On the consumer side, your microwave, coffee machine and even bedside clock will.

Not sure on the industrial side.




> On the consumer side, your microwave, coffee machine and even bedside clock will

I'd be very surprised. It's cheaper to build in a 32.768kHz crystal for timekeeping than try to access the grid frequency from the isolated low-voltage circuit.


It's cheaper to build in a 32.768kHz crystal for timekeeping than try to access the grid frequency from the isolated low-voltage circuit.

Those products don't use isolated power supplies --- normally they use a capacitive dropper. A high-value resistor to an IC pin is sufficient to drive the clock counter, and a resistor is definitely cheaper than a crystal.


It is very true.

A similar event happened in Europe a year ago (also due to problems in former Yugoslavia) and all electric clocks in my house (microwave, oven, alarm clocks) went out of sync temporarily. I was just as surprised as you.

Basically, it's exactly the devices that lose track of time in case of a power outage, and that you need to manually adjust for daylight savings time, that are synchronized to the grid. Devices that use a battery (such as laptops, mobile phones, and CMOS clocks in PCs) must necessarily use some other means.

It doesn't seem to be much correlated with price either: my alarm clock cost over $100 and it was still affected. Surely at that price point they could have afforded a crystal oscillator in the design, if they wanted to, but it seems this just isn't typically done.


At a $100 price point, I'd expected a DCF77 receiver tbh, not a crystal oscillator.

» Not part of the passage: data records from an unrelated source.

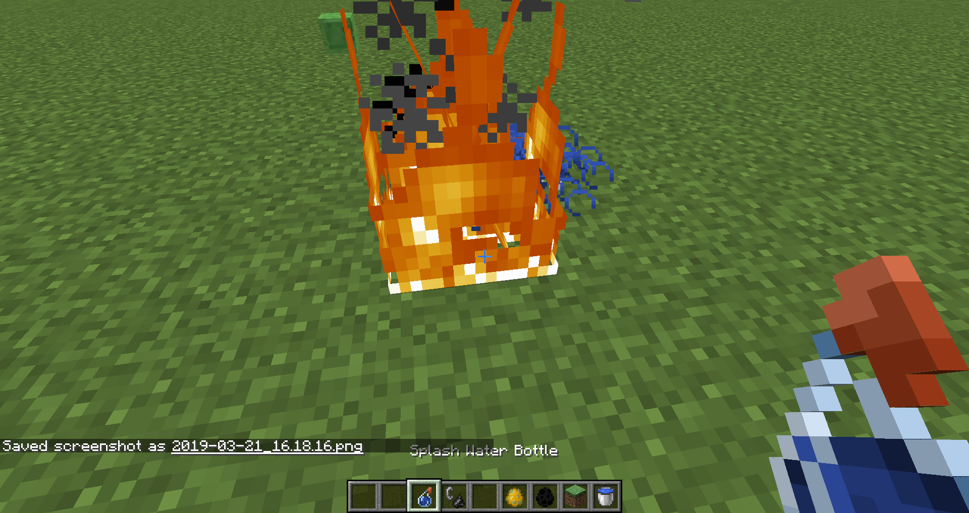 "Splash water bottles will have no effect on almost all entities, but will put out fire in the block hit and the four blocks horizontally surrounding it."
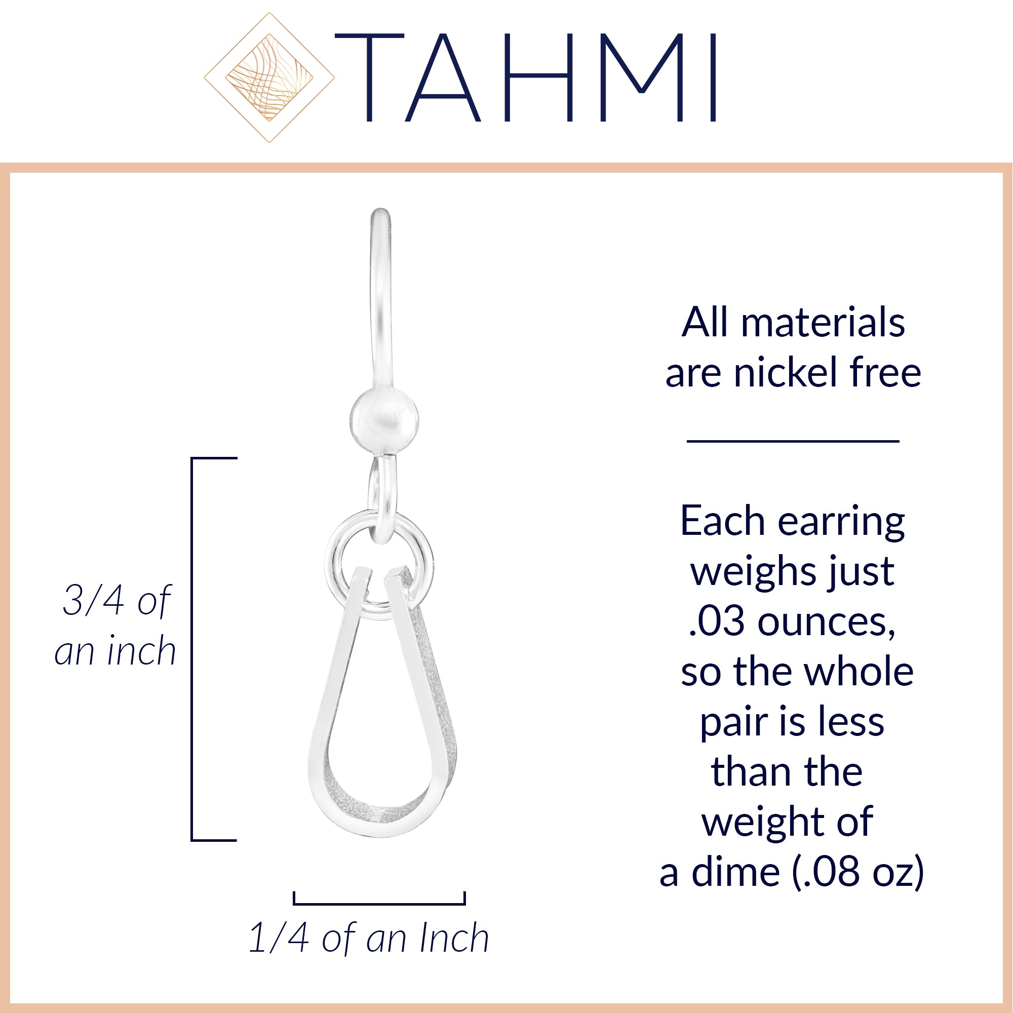 •Weight:These hanging earrings are also extremely light weight and comfortable, weighing just .03 of an ounce each - the entire pair weighs less than the weight of a dime (.08 oz)!
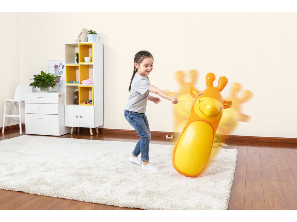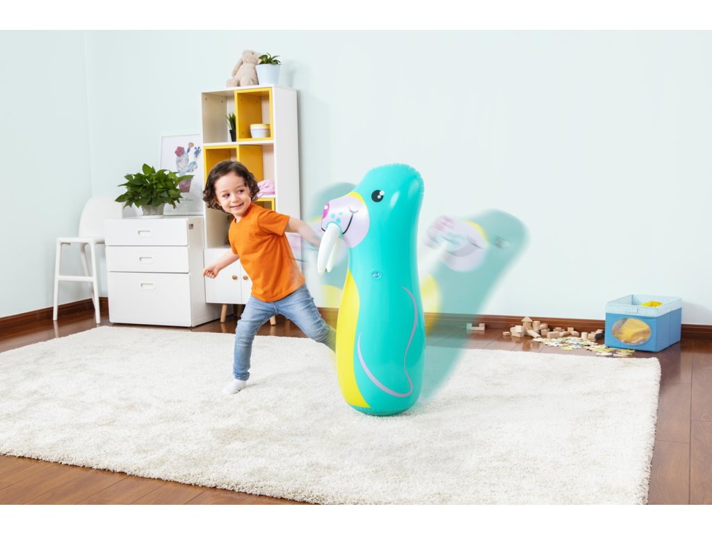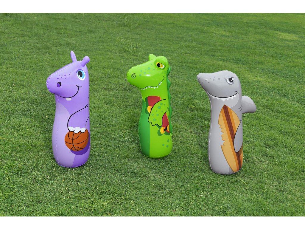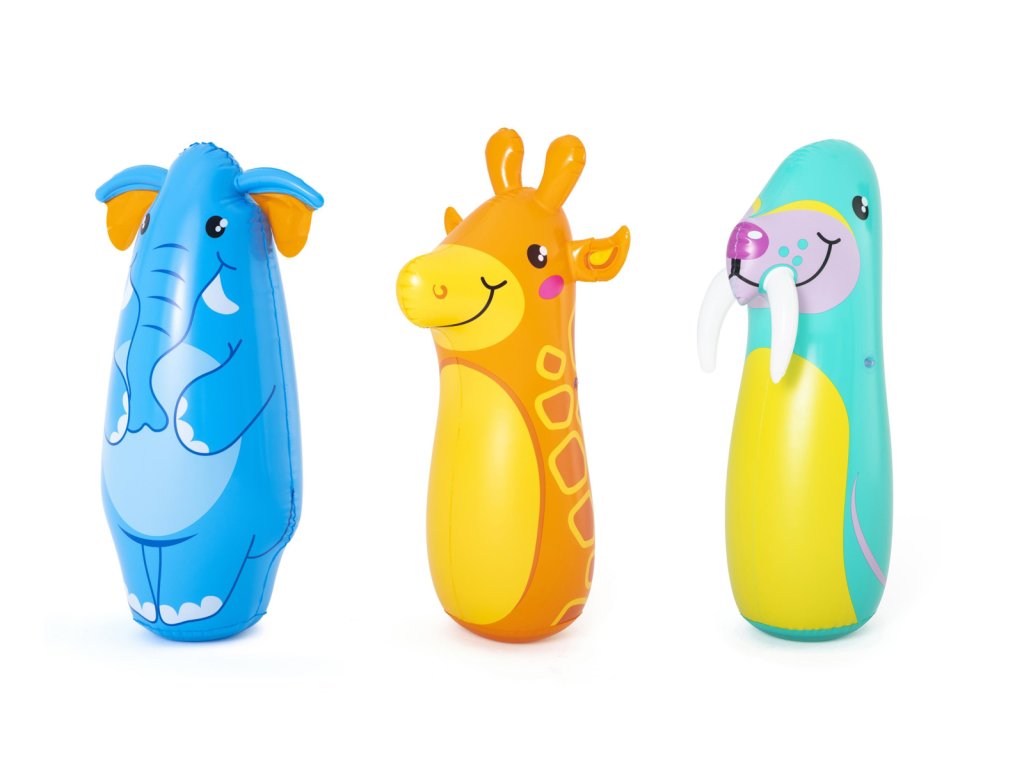 Nafukovací boxovací pytel ve tvaru zvířátka – to je správná volba pro vaše malé boxery. Pomáhá dětem odreagovat se a vybít energii. Děti si mohou vybrat z několika zvířecích designů. Ve spodní části boxovacího pytle je vestavěná vodní komora, která jej zatíží a zajistí stabilitu. Assort je náhodný mix modelů. Výběr nelze ovlivnit. Výška boxovacího pytle: 89 cm. Rozměr balení: 19 x 12 x 4 cm. Věk: 3+
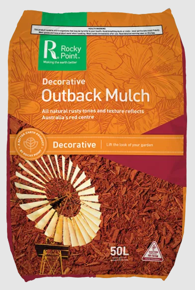 With its iron-rust colouring and rugged texture Rocky Point’s Outback Mulch reflects Australia’s red centre, and keeps plants nourished and protected from our harsh climate for up to 12 months.

As an industry, it requires a special customs declaration + fire safety measures on boats and planes when you transport an oven with a battery inside. That may be the reason for not using battery-backed ovens, and relying on the power supply.


Just curious what kind of alarm clock costs $100


One that plays soothing sounds, like dogs barking or seagulls fighting over trash, probably.

It might even project the moon phase on the ceiling.


Something like this: https://www.amazon.co.uk/dp/B008LR3KD8/

The idea is that it wakes you up gently by flooding the room with light resembling a natural sunrise. One reason that it might be expensive is that it needs a lot of high luminance hue shifting LEDs, and possibly I overpaid a bit (there do seem to be much cheaper competitors) but it was still a good investment because it does make my mornings a lot more pleasant.


I have a microwave and oven from the same brand, and their digital clocks diverge about 2minutes in 24h. I just don't understand how it's possible to build a device that poorly in 2020 (they are new) and I also wonder which tech they use for timekeeping. Is it possible that one of them uses a crystal and the other uses the 50Hz? That would explain a small difference.


It's easy enough to mistune a 32768Hz clock crystal by shitty electronics engineering, unfortunately :/

50Hz might have temporary variations, but it's controlled so that over a longer period of time, you always get the correct number of cycles, e.g. 180000 in an hour.

This also means that going off the 50Hz power grid theoretically has better (or even perfect) long-term accuracy. Also means that if you adjusted your clock for this separation event, you'll have to adjust it back :D


> I have a microwave and oven from the same brand, and their digital clocks diverge about 2minutes in 24h.

That's much, much worse than a cheap digital watch from 20 years ago.


I know. It's worse than the pendulum clock I have to crank at my grandma's once a week! Progress!


Much worse than a digital watch from the 80s. (Maybe 70s?)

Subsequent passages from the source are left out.